Dyspareunie, Studien

Dyspareunie: Neue Studien zeigen Wirkung von Beckenbodentraining

Veröffentlicht am: 23.07.2026 um 14:39 Uhr | Redaktion boerse-global.de

Etwa 20 Prozent der Frauen leiden unter Dyspareunie. Neue Studien zeigen vielversprechende Ansätze bei Diagnose und Behandlung.

Schmerzhafter Sex bei Frauen: Ursachen, Diagnose und neue Therapien
Ein medizinischer Beratungsraum mit Fokus auf eine Patientenakte und verschränkten Händen auf einem Schreibtisch. Illustration mit AI erstellt übermittelt durch boerse-global.de

Rund jede fünfte Frau erlebt Schmerzen beim Geschlechtsverkehr. Die Ursachen sind vielfältig – und die Diagnose dauert oft Jahre.

Schmerzen im Intimbereich sind ein Tabuthema. Dabei sind sie erschreckend häufig.
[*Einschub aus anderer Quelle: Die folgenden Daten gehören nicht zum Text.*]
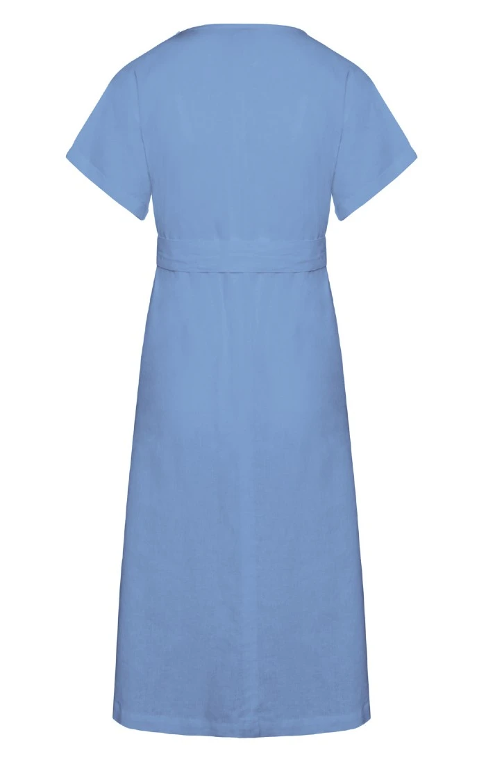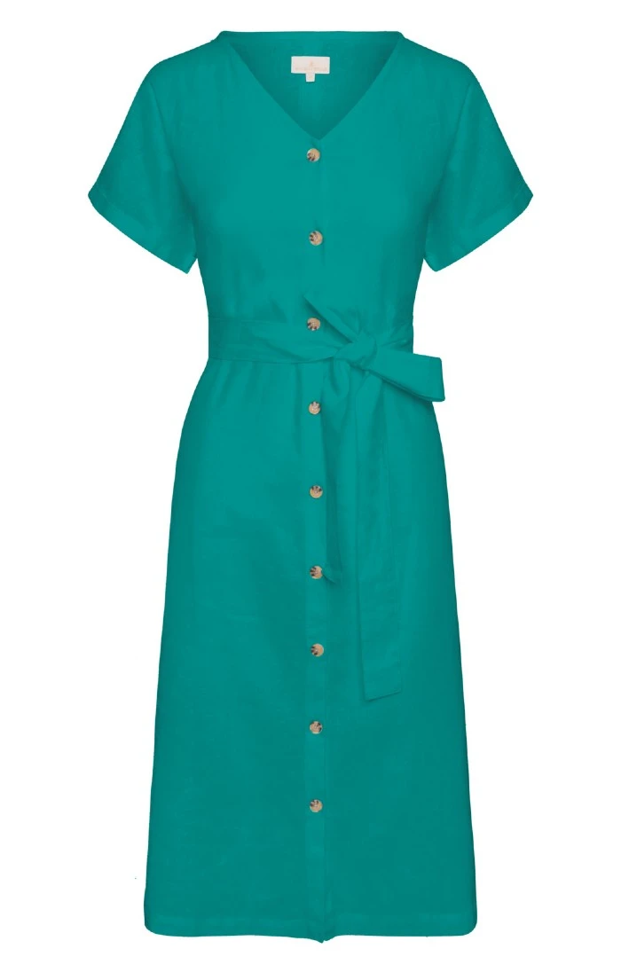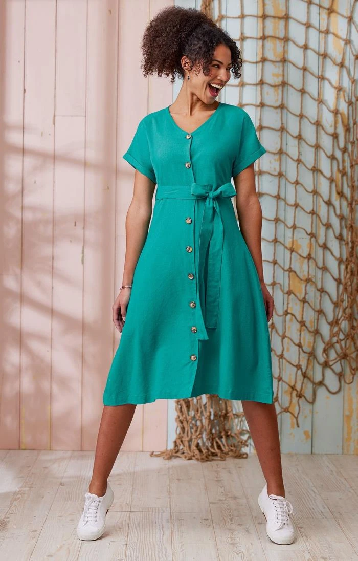 Cut to below the knee with a slightly flared skirt and a neat V-shaped neckline, this truly lovely linen mix button front dress will transform your everyday summer style. The viscose and linen blend lends a wonderfully smooth drape without excessive creasing, while the wide fabric belt and turn-back capped sleeves add a mildly retro feel to this sweet and swingy new season staple.

Die Studie „Gesundheit und Sexualität in Deutschland“ zeigt: Etwa 20 Prozent der Frauen leiden unter Dyspareunie, so der medizinische Fachbegriff für schmerzhaften Geschlechtsverkehr. Bei jungen sexuell aktiven Frauen in der Schweiz sind Schätzungen zufolge 10 bis 20 Prozent betroffen.

Wenn der Körper blockiert

Die Ursachenpalette reicht von Endometriose über Lichen sclerosus bis zum Vestibulitis-Vulvae-Syndrom. Besonders häufig ist Vaginismus: Bei ein bis fünf Prozent der Frauen verkrampft sich die Beckenbodenmuskulatur unwillkürlich. Die Therapie? Eine Kombination aus lokaler Behandlung, Beckenbodentraining und psychologischer Begleitung.

Hinzu kommt oft ein unerfüllter Kinderwunsch. 2024 zählten deutsche Kinderwunschzentren 134.281 Behandlungszyklen – ein deutlicher Anstieg gegenüber rund 99.000 Zyklen im Jahr 2019. Der Anteil der 20- bis 50-Jährigen mit unerfülltem Kinderwunsch stieg zwischen 2013 und 2020 von 25 auf 32 Prozent. Der psychische Druck führt zu körperlicher Anspannung – und verschärft die Schmerzsymptomatik.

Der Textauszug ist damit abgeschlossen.